BEGIN

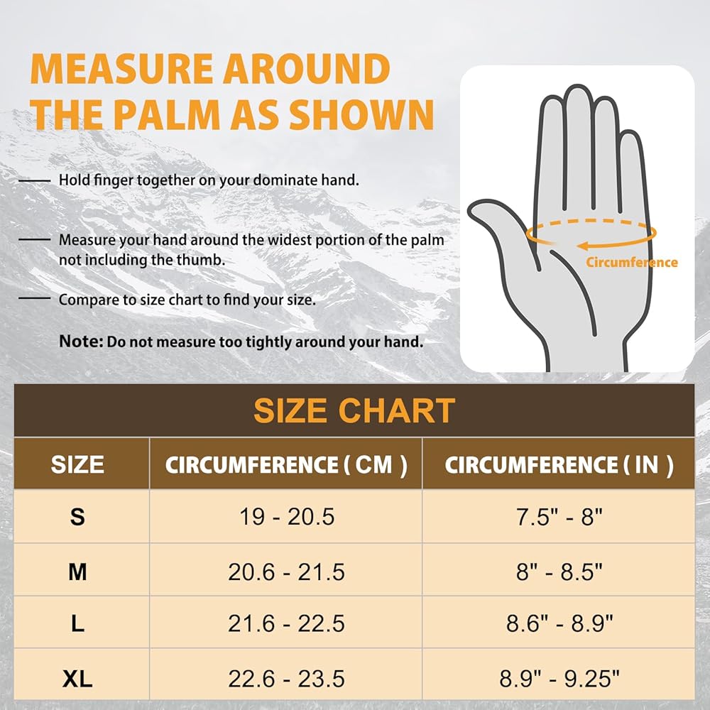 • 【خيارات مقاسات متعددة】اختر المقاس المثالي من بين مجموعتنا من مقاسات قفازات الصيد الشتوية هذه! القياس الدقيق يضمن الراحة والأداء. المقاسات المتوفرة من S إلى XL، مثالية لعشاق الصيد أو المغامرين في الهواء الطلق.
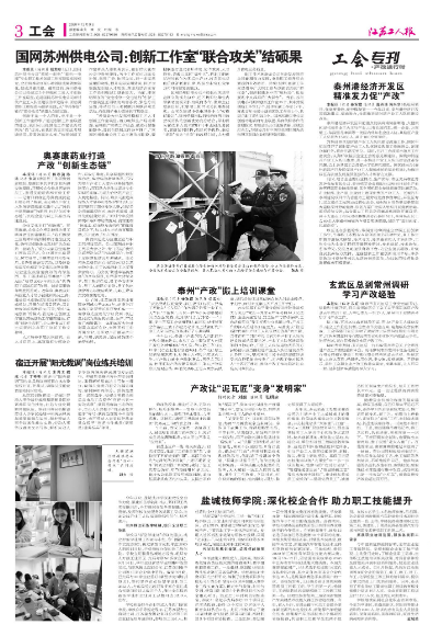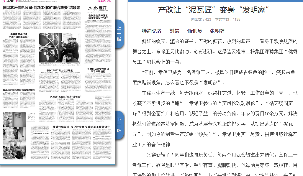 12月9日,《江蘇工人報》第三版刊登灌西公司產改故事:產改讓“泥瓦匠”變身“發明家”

END
BEGIN

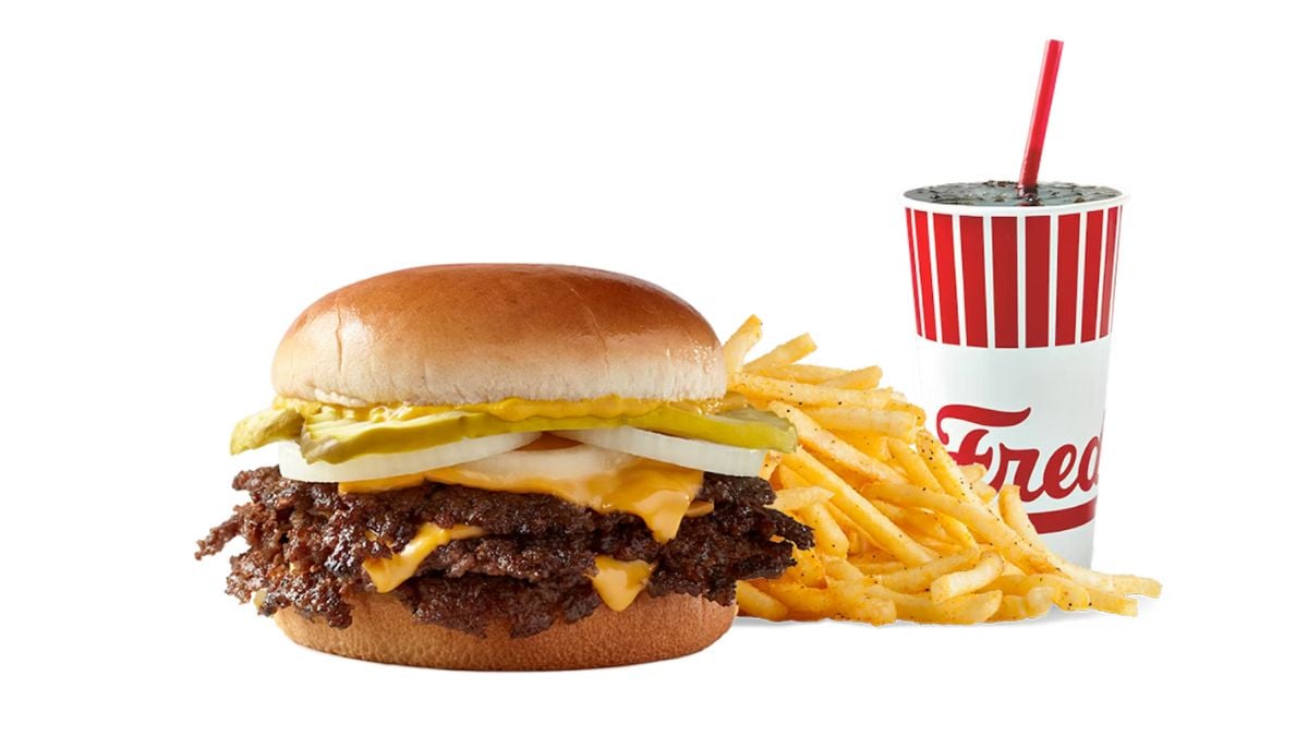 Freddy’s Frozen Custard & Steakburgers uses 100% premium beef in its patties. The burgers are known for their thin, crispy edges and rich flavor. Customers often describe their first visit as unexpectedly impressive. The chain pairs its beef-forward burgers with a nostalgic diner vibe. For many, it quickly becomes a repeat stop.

END
BEGIN

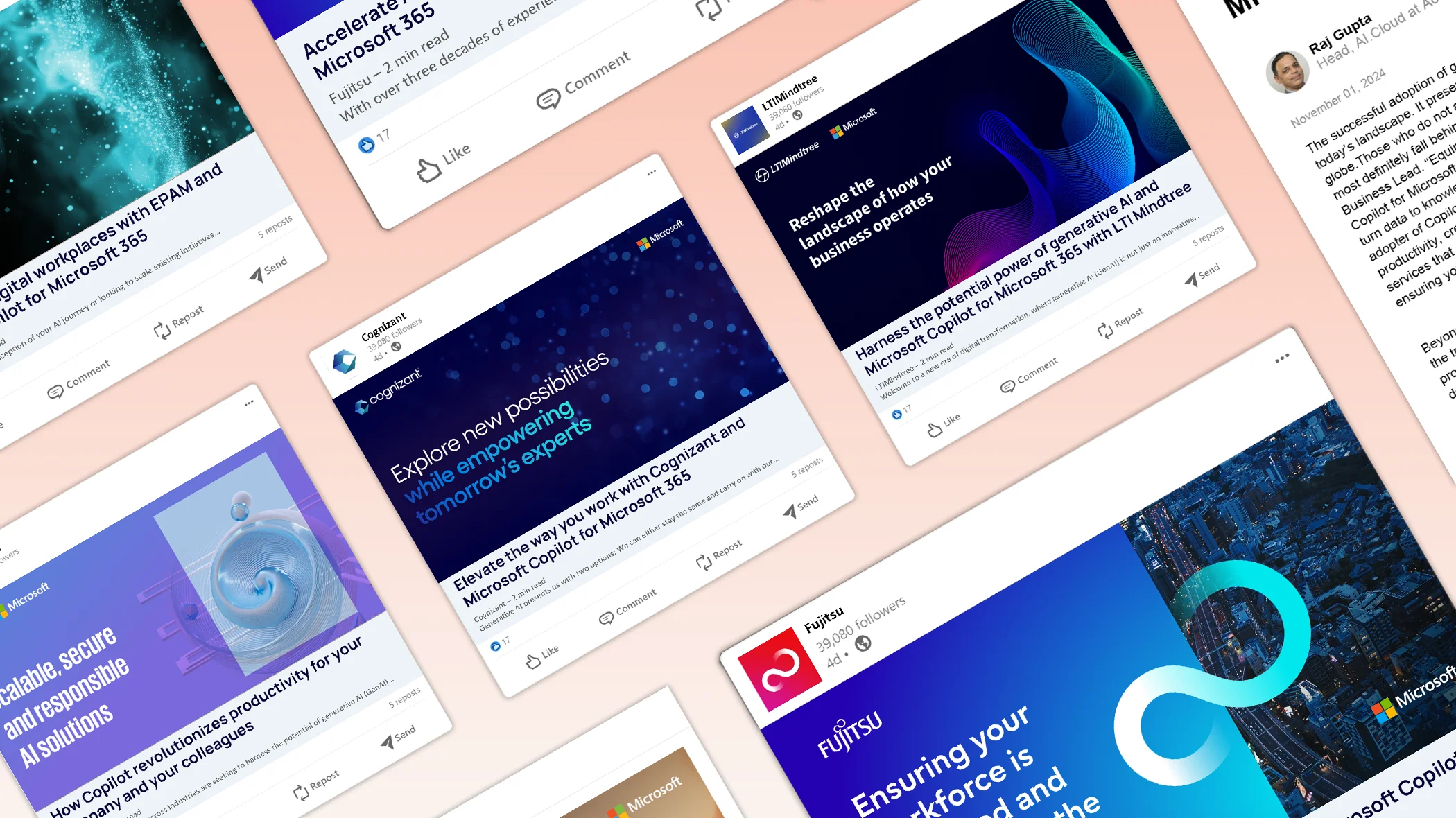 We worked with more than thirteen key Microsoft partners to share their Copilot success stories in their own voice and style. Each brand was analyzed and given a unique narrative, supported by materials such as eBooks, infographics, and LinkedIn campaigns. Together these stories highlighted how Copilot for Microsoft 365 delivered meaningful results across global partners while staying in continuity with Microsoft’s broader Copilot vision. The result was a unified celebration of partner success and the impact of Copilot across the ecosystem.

END

▶ **Exercise**
Output exactly the lines above that lie between the line with "في الهواء الطلق." and the line with "12月9日,《江蘇工人報》第", those two lines included, and no pictures.

▶ **Output of the exercise**
 • 【خيارات مقاسات متعددة】اختر المقاس المثالي من بين مجموعتنا من مقاسات قفازات الصيد الشتوية هذه! القياس الدقيق يضمن الراحة والأداء. المقاسات المتوفرة من S إلى XL، مثالية لعشاق الصيد أو المغامرين في الهواء الطلق.
 12月9日,《江蘇工人報》第三版刊登灌西公司產改故事:產改讓“泥瓦匠”變身“發明家”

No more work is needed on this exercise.